The United States Supreme Court in a long line of decisions has recognized that matters involving marriage, procreation, and the parent-child relationship are among those fundamental “liberty” interests protected by the Constitution. Thus, the decision in Roe v. Wade, 410 US 113; 93 S Ct 705; 35 L Ed 2d 147, (1973), was recently described by the Supreme Court as founded on the “Constitutional underpinning of … a recognition that the “liberty” protected by the Due Process Clause of the 14th Amendment includes not only the freedoms explicitly mentioned in the Bill of Rights, but also a freedom of personal choice in certain matters of marriage and family life.” The non-custodial divorced parent has no way to implement the constitutionally protected right to maintain a parental relationship with his child except through visitation.
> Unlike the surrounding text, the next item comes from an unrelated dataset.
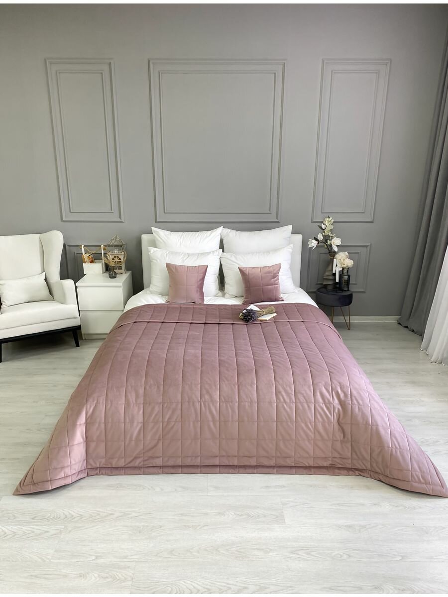 Купить Покрывало на кровать бархатное 220х240 см, IRISHOME, розовое, двухстороннее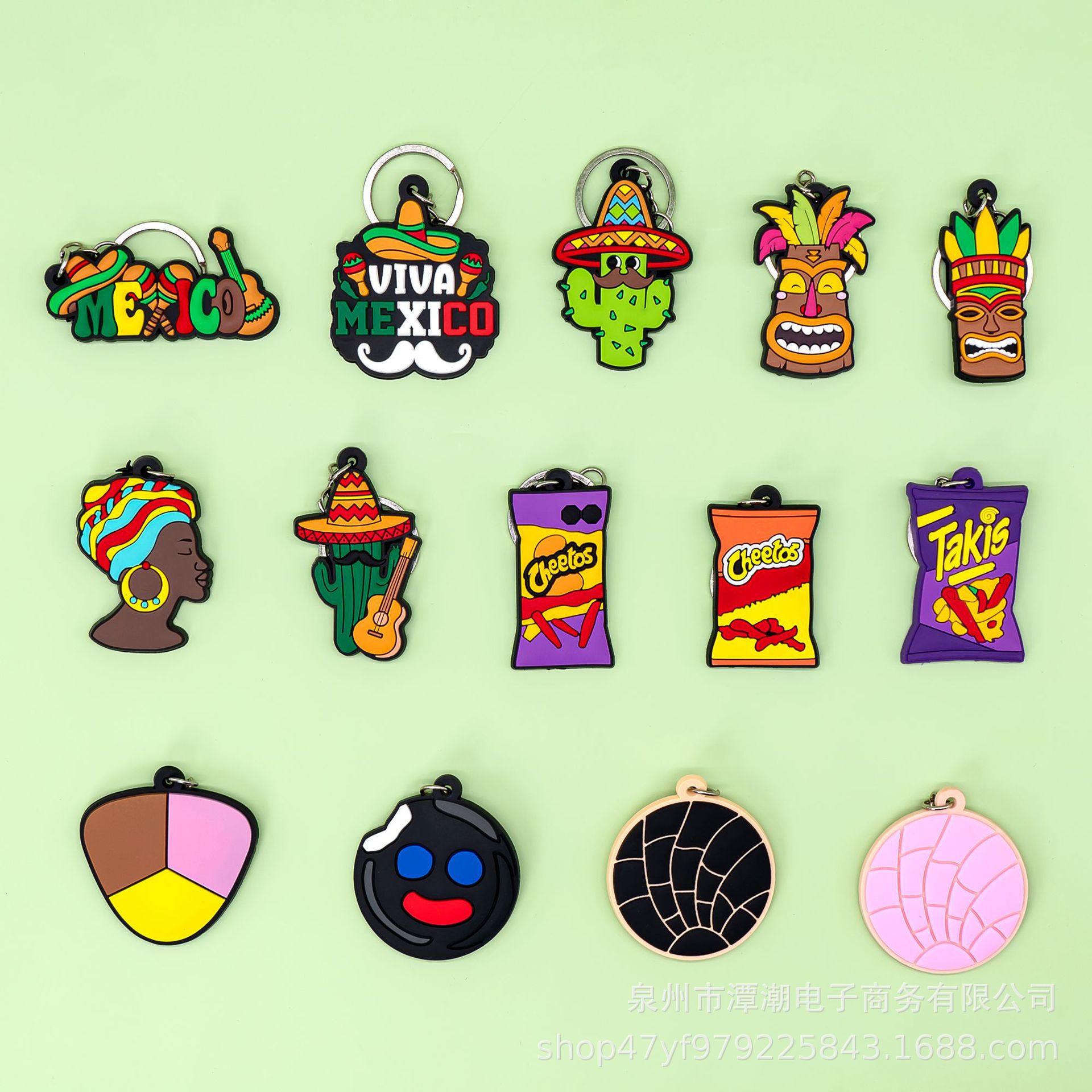 국경 간 뜨거운 판매 PVC 부드러운 고무 키 체인 멕시코 장식 학생 학교 가방 커플 자동차 키 쥬얼리 선물스토어 가기

To acknowledge the protected status of the relationship as the majority does, and yet deny protection under Title 42 USC § 1983, to visitation, which is the exclusive means of effecting that right, is to negate the right completely. Wise v. Bravo, 666 F.2d 1328, (1981).
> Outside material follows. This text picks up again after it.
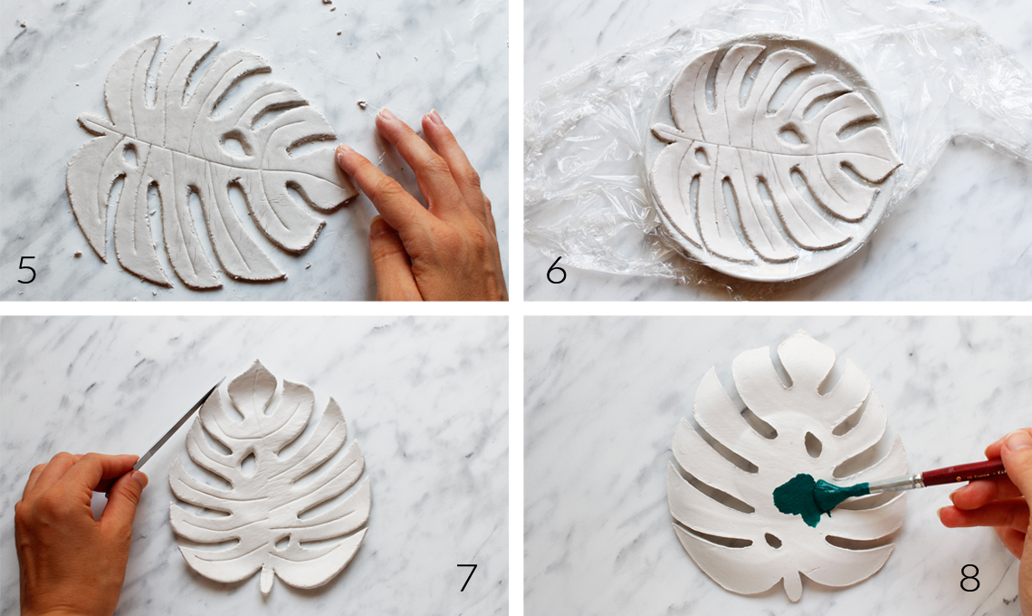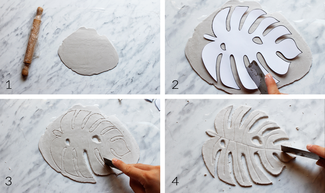 - Ritaglia la sagoma della foglia che avrai scaricato e stampato su un foglio A4, posala sul disco di pasta modellabile e usa la spatola per tracciare i contorni (foto 2)

FROM THE COLORADO SUPREME COURT, 1910
In controversies affecting the custody of an infant, the interest and welfare of the child is the primary and controlling question by which the court must be guided. This rule is based upon the theory that the state must perpetuate itself, and good citizenship is essential to that end. Though nature gives to parents the right to the custody of their own children, and such right is scarcely less sacred than the right to life and liberty, and is manifested in all animal life, yet among mankind the necessity for government has forced the recognition of the rule that the perpetuity of the state is the first consideration, and parental authority itself is subordinate to this supreme power. It is recognized that: ‘The moment a child is born it owes allegiance to the government of the country of its birth, and is entitled to the protection of that government. And such government is obligated by its duty of protection, to consult the welfare, comfort and interest of such child in regulating its custody during the period of its minority.’ Mercein v. People, 25 Wend. (N. Y.) 64, 103, 35 Am. Dec. 653; McKercher v. Green, 13 Colo. App. 271, 58 Pac. 406. But as government should never interfere with the natural rights of man, except only when it is essential for the good of society, the state recognizes, and enforces, the right which nature gives to parents [48 Colo. 466] to the custody of their own children, and only supervenes with its sovereign power when the necessities of the case require it.
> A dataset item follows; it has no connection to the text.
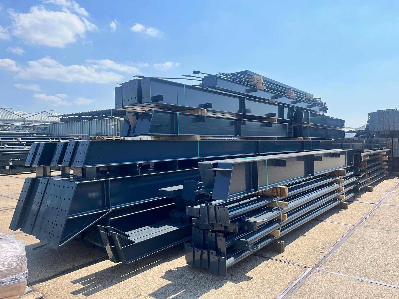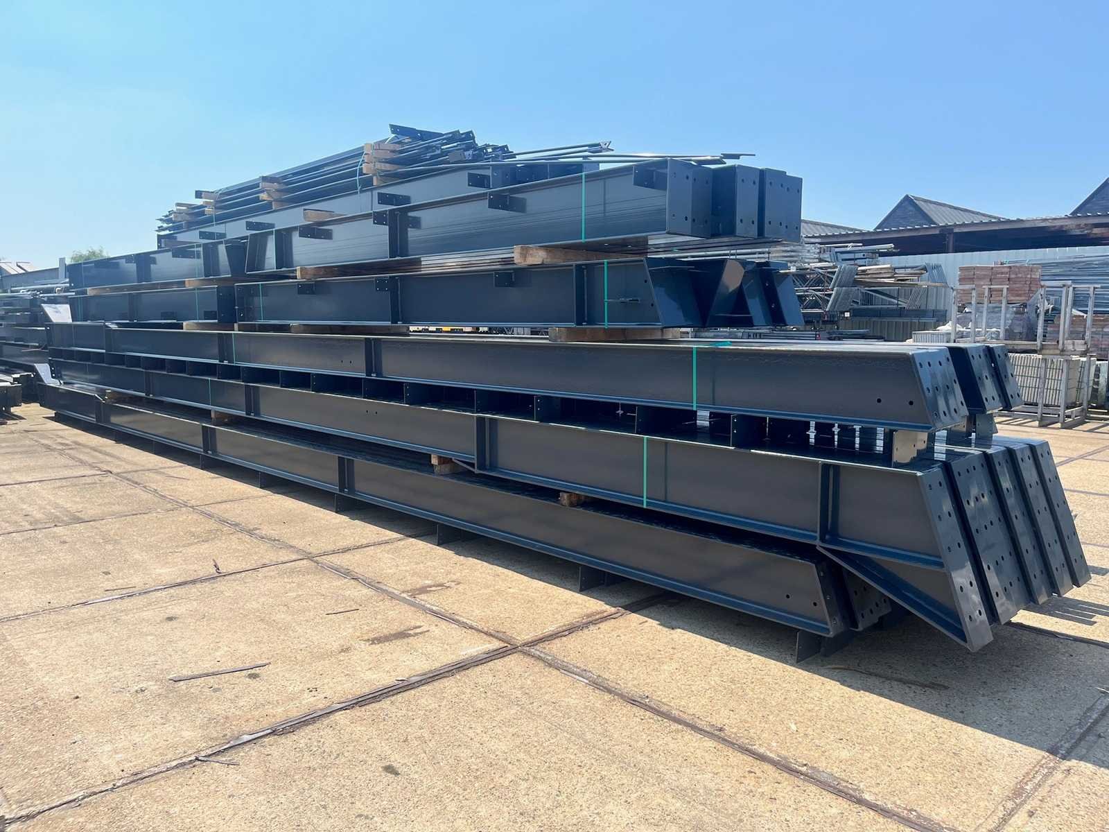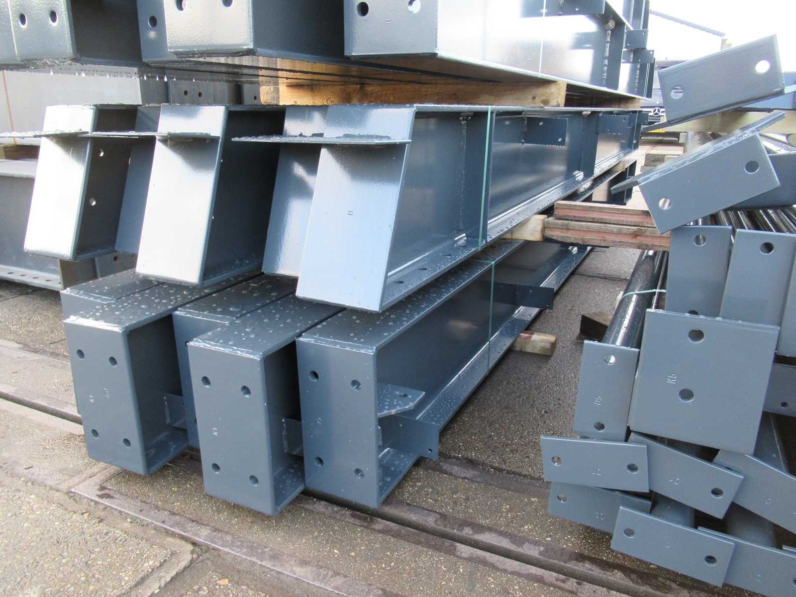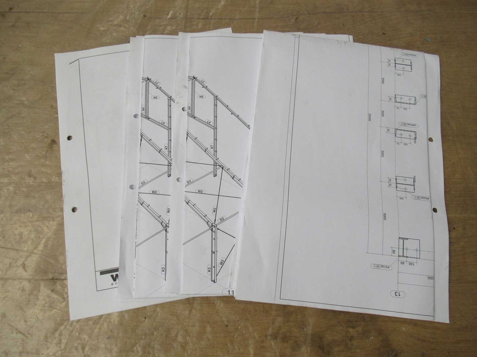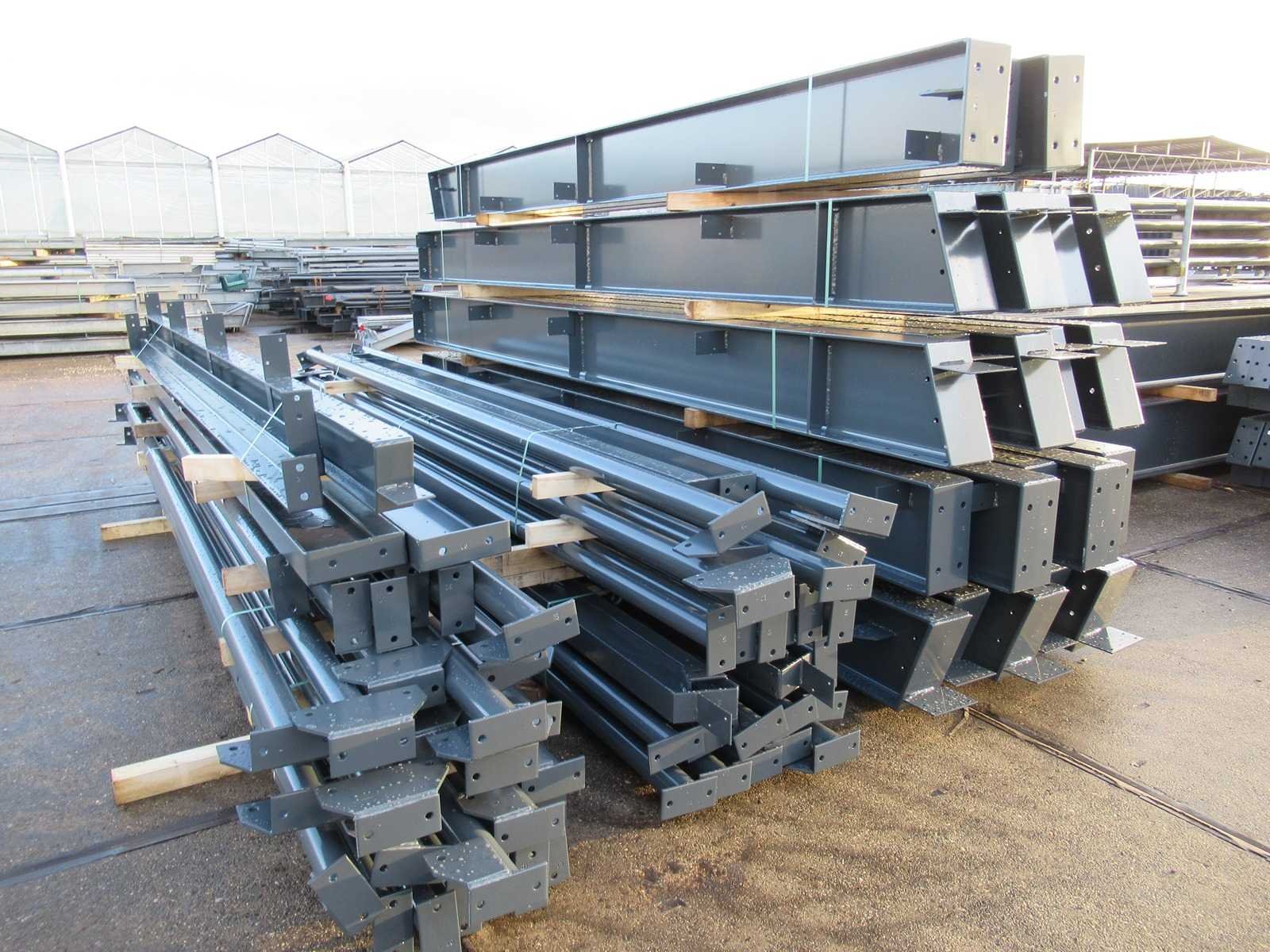 Nederlandse productie; vrije overspanning; spanten h.o.h. 5000mm; staalberekeningen; staaltekeningen; montagetekeningen; ankerplan; staal genummerd volgens montageplan; dakhelling 20 graden; 11 sets tussenspanten IPE360/300; 2 sets eindspanten IPE 200/180 met windstijlen waarvan 1 set voorzien is van een deursparing; voorzien van drukkokers; windverbanden; gordinglippen; bouten en moeren; meestort ankers; staalconstructie volgens productnorm EN1090 (Certificaat na aankoop verkrijgbaar); kavel ligt netjes transportklaar en dient met 2 trailers opgehaald te worden; kavel wordt gratis met een heftruck geladen No Materiaal: Gepoedercoat staal antraciet Bouwjaar: 2026 Totaal oppervlakte: 1500m² Nok hoogte: 9550mm Goot hoogte: 5000mm Totale afmeting L: 60000mm Totale afmeting Breedte: 25000mm

The experience of man has demonstrated that the best development of a young life is within the sacred precincts of a home, the members of which are bound together by ties entwined through ‘bone of their bone and flesh of their flesh’; that it is in such homes and under such influences that the sweetest, purest, noblest, and most attractive qualities of human nature, so essential to good citizenship, are best nurtured and grow to wholesome fruition; that, when a state is based and build upon such homes, it is strong in patriotism, courage, and all the elements of the best civilization. Accordingly these recurring facts in the experience of man resulted in a presumption establishing prima facie that parents are in every way qualified to have the care, custody, and control of their own offspring, and that their welfare and interests are best subserved under such control. Thus, by natural law, by common law, and, likewise, the statutes of this state, the natural parents are entitled to the custody of their minor children, except when they are unsuitable persons to be entrusted with their care, control, and education, or when some exceptional circumstances appear which render such custody inimicable to the best interests of the child. While the right of a parent to the custody of its infant child is therefore, in a sense, contingent, the right can never be lost or taken away so long as the parent properly nurtures, maintains, and cares for the child. Wilson v. Mitchell, 111 P. 21, 25-26, 48 Colo. 454 (Colo. 1910)

CONCLUSION

The U.S. Supreme Court has consistently protected parental rights, including it among those rights deemed fundamental. As a fundamental right, parental liberty is to be protected by the highest standard of review: the compelling interest test. As can be seen from the cases described above, parental rights have reached their highest level of protection in over 75 years. The Court decisively confirmed these rights in the recent case of Troxel v. Granville, which should serve to maintain and protect parental rights for many years to come.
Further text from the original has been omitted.